Anyone know when we talk about peak EGT, just how close that is to the actual stoichiometric air requirement?

Fuel/Air Stoichiometry vs Peak EGT?
 

Remember from the 100% of the BTU?s that the fuel makes, you are only going to get about 30% of that energy that actually makes HP. From studies done at Lycoming .065 is around peak EGT. I believe .062 is stoichiometric.

Don

Don, thanks for the response. I think I figured out the error in my calculation and now am getting much more reasonable numbers when I use a molar ratio of 12.5:1 O2 to fuel (assuming isooctane as the fuel, which I know is not quite right). 12.5:1 happens to be the exact stoichiometric requirement for combustion of isooctane. When I adjust to a leaner or richer mixture, my calculations follow as one would expect from a fuel usage curve as found in an engine operator's manual. My numbers result in a calculated overall efficiency of about 28% relative to the heat of combustion of isooctane.

Now what I'm trying to do is figure out what stoichiometric ratio is implied by a "full rich" mixture setting. Obviously for a normally aspirated engine this will change based on altitude.

Again thanks for the response! What are the units on your numbers above or are they just fuel:air versus air:fuel (i.e. 1/the ratio I am using)? 1/12.5 = 0.08

Lycoming, peak at 0.065:



C.F. Taylor, from previous studies, peak about 0.066



The recent (relatively speaking) Swift fuel study done at the FAA's Hughes Technical Center is one of the few windows for folks like us, given that manufacturers like to label everything Top Secret.

It lists the calculated stoichiometric ratio for 100LL at 1/14.9, or 0.067. The graphs for baseline runs at various power settings (IO-540K) have peak EGT right around 1/15.2 (0.066).

Download here: http://www.tc.faa.gov/its/worldpac/techrpt/ar0853.pdf

As a practical matter, I just consider peak EGT to be stoich and carry on.

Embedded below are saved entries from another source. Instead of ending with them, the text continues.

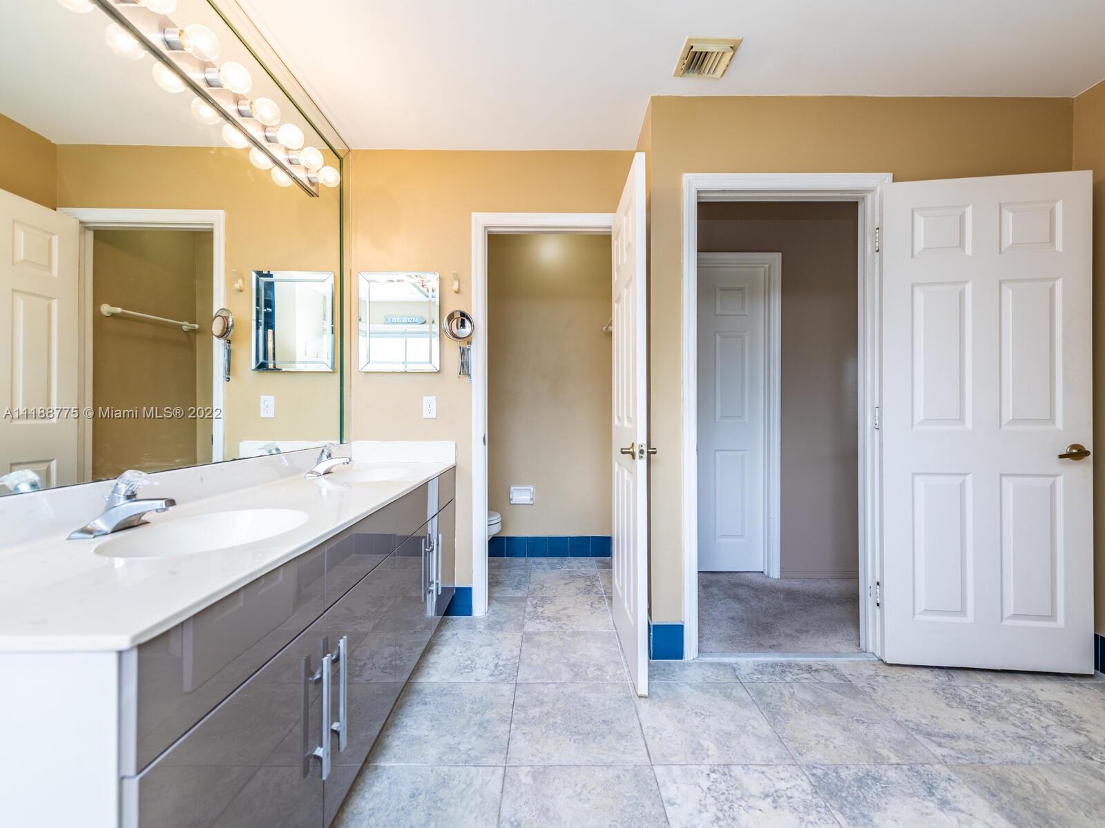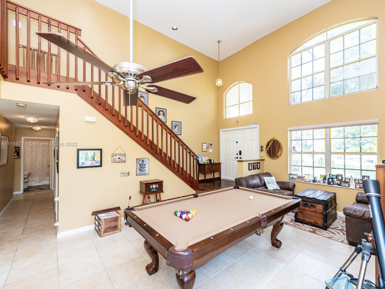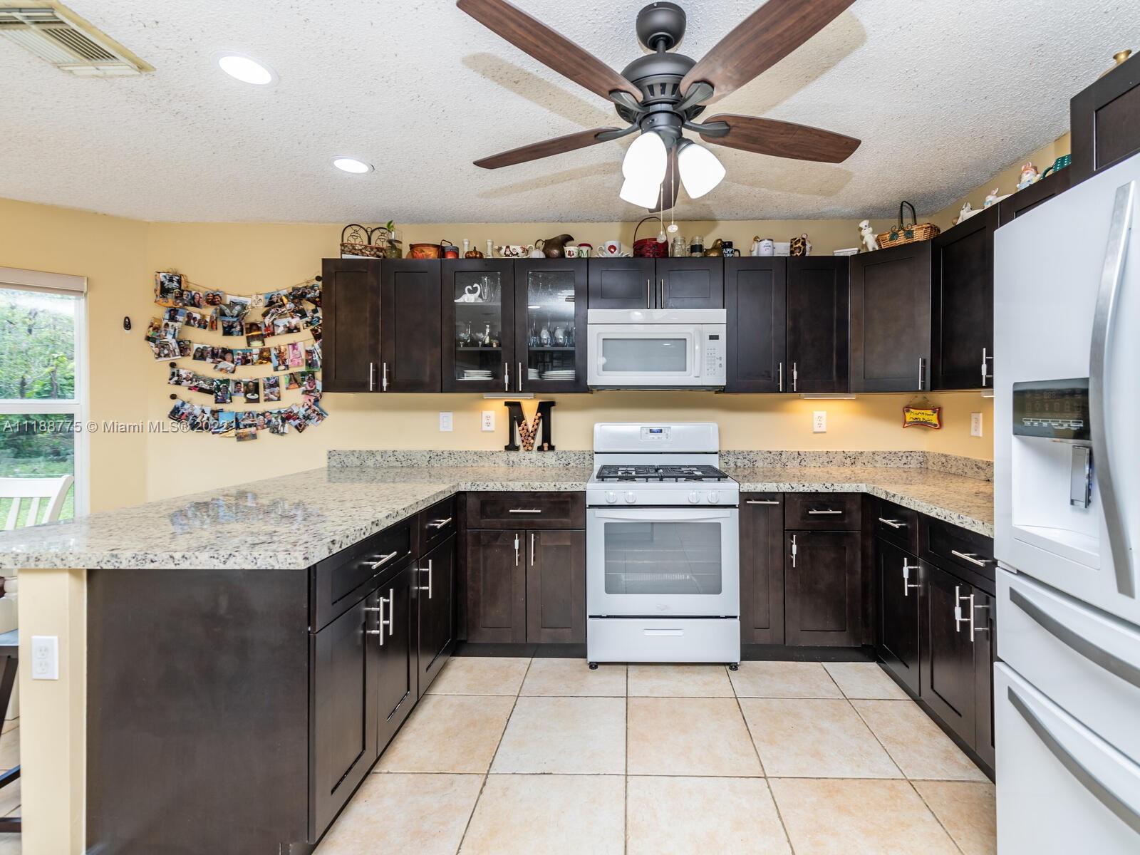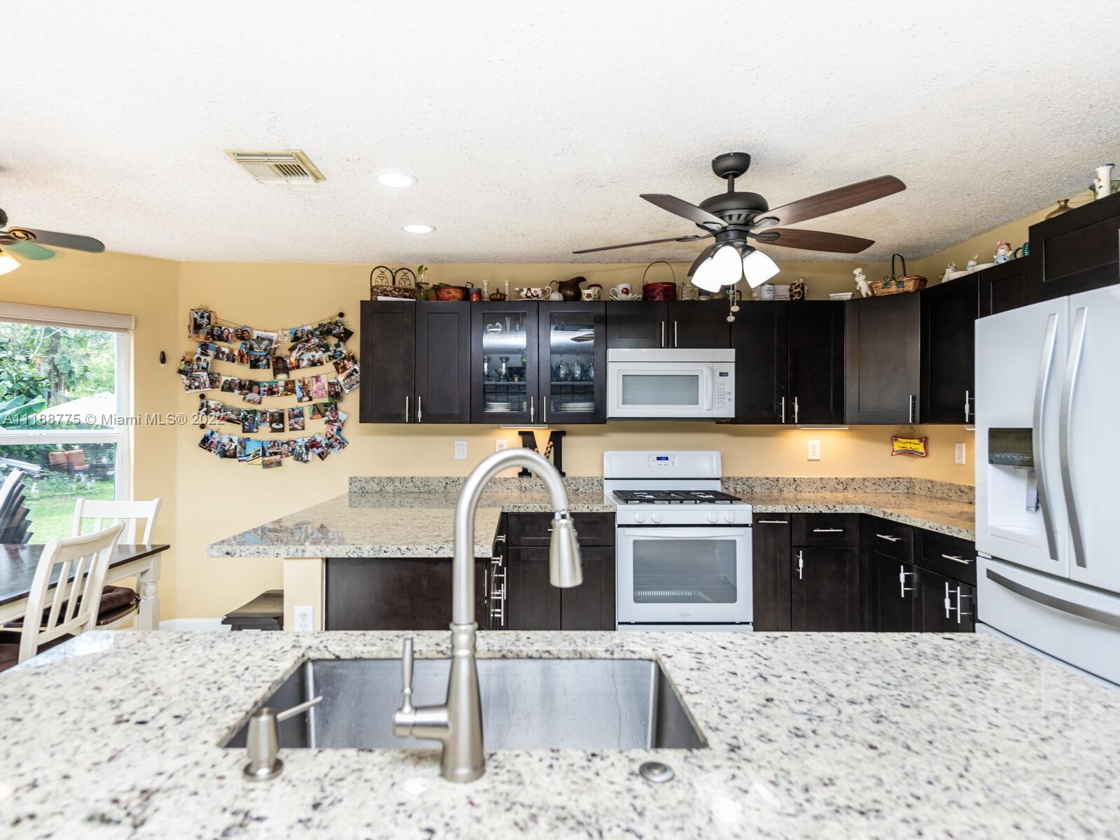 Impressive 2 story corner lot property with high volume ceilings located in pristine Huntington. Beautiful and spacious 5 bedrooms, 3 full bathrooms, and 2 car garage. Excellent floor plan offers you a formal living room at the entrance and a spacious family room. The kitchen has been remodeled with all white appliances, granite countertops, a spacious breakfast nook with large impact windows which lets in lots of natural light and a view of the beautiful back patio area, and a big center island. Exclusively covered brick paver back patio overlooking the lake. One of five bedrooms is located on the main floor and a full bathroom. Spacious laundry room also located on the first floor with washer and dryer. Master suite offers a walk-in closet and spacious walk-in shower and roman tub.
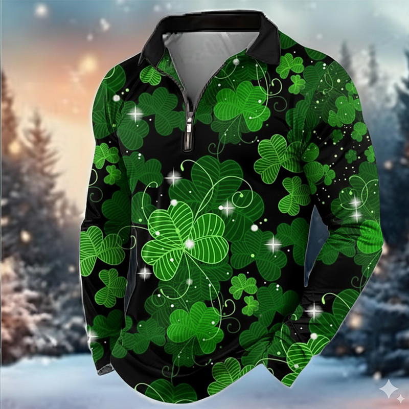 St. Patrick Men's Shamrock Polo Long Sleeve Turndown Modern Leisure Athleisure Casual Daily Festival Zipper 3D Print Spring Fall Winter Green Light Green
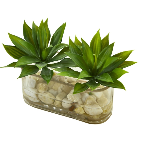 Mini Agave Succulent Artificial Arrangement In Glass Vase
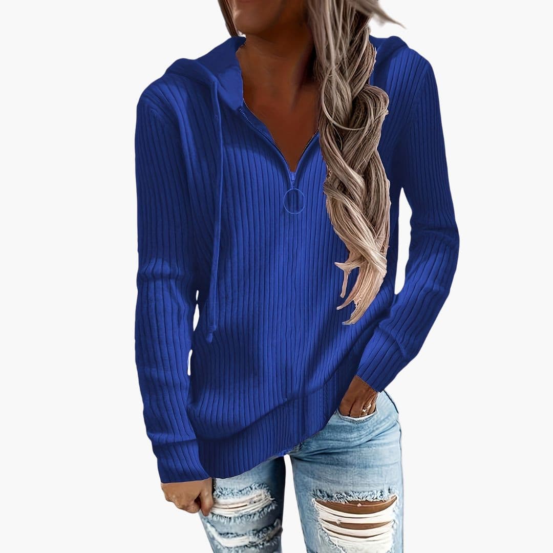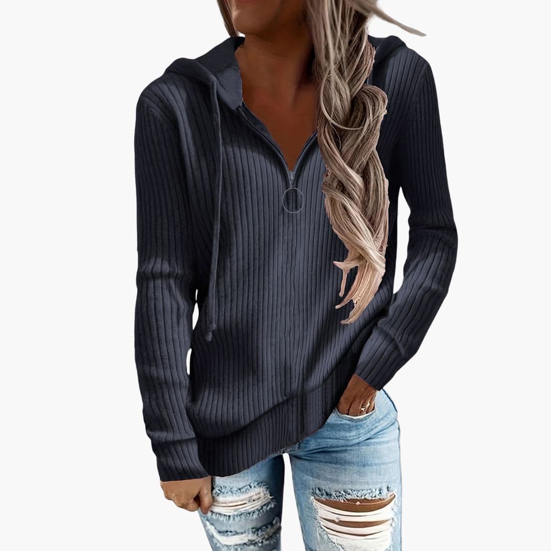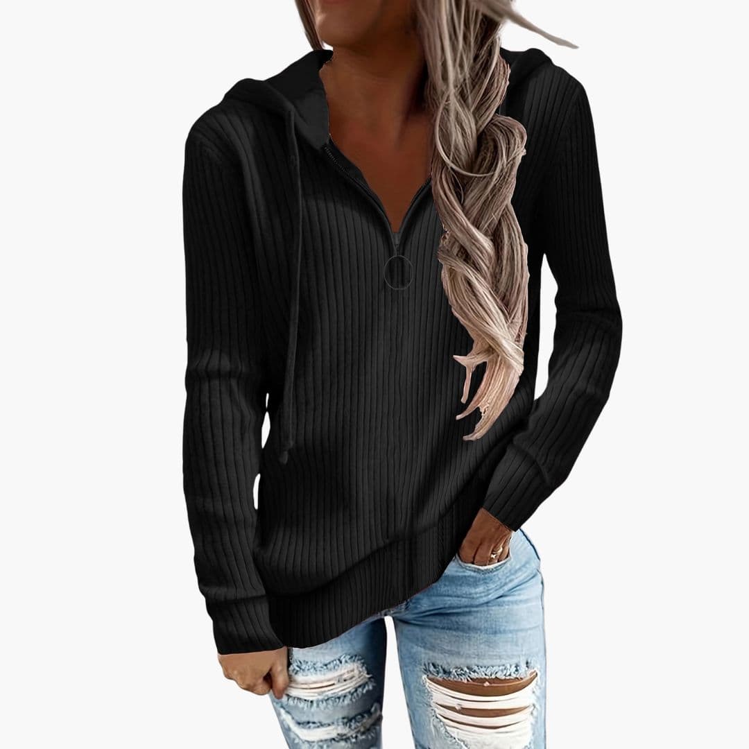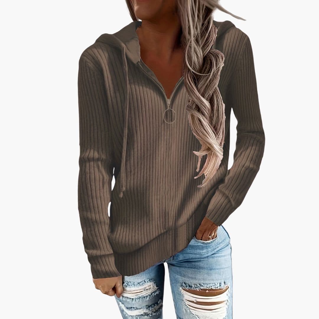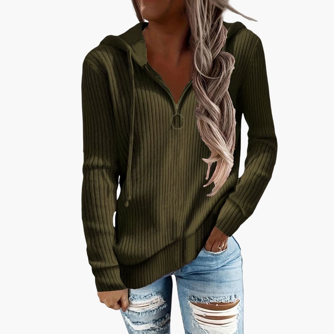 Γυναικείο πλεκτό πουλόβερ με ζιβάγκο και ριμπ τελείωμα

Ah, excellent, thank you! So with 15.2 being the empirical stoich for 100LL6, the average molecular weight (carbons in the chain) must be higher than straight octane, which makes sense since there are bound to be some other constituents in the blend. Anyone have a chemical analysis of 100LL? Taking into account that there are probably some esters and alcohols in there contributing oxygens of their own, the amount of carbon is probably even a bit higher.

I also now see that my ratio of 0.08:1 could be seen as the "best power" mixture as it represents the most fuel it is possible to burn under normally aspirated conditions. However, I would imagine there are not insignificant effects associated with the nitrogen content of the combustion air and other things like water vapor.

With straight Mogas (no ethanol) we figure 14.7 AFR is stoich and peak EGT which is .068 in the units on the charts.

The volumetric efficiency of an engine is rarely 100%. Generally less, but sometimes more. If you'e assuming you get 90.25 cubic inches of air into your 360's cylinder every time it goes down, that will throw off your oxygen molecule count calculations significantly. You need a table of volumetric efficiency or a direct measurement of air like a mass air flow meter to do this correctly.

Even more complicated: that volumetric efficiency usually depends, to some extent, on the intake air temperature. Just take a look at any manufacturer's power data as a function of temperature: it's more than just the air density changing.

Yes, my calcs right now are a first approximation to validate my method. I will tighten things up later to include this sort of concern. I have a factor in there but it is just set at one right now.

Things like the effects of valve overlap and incomplete exhaustion are in the future.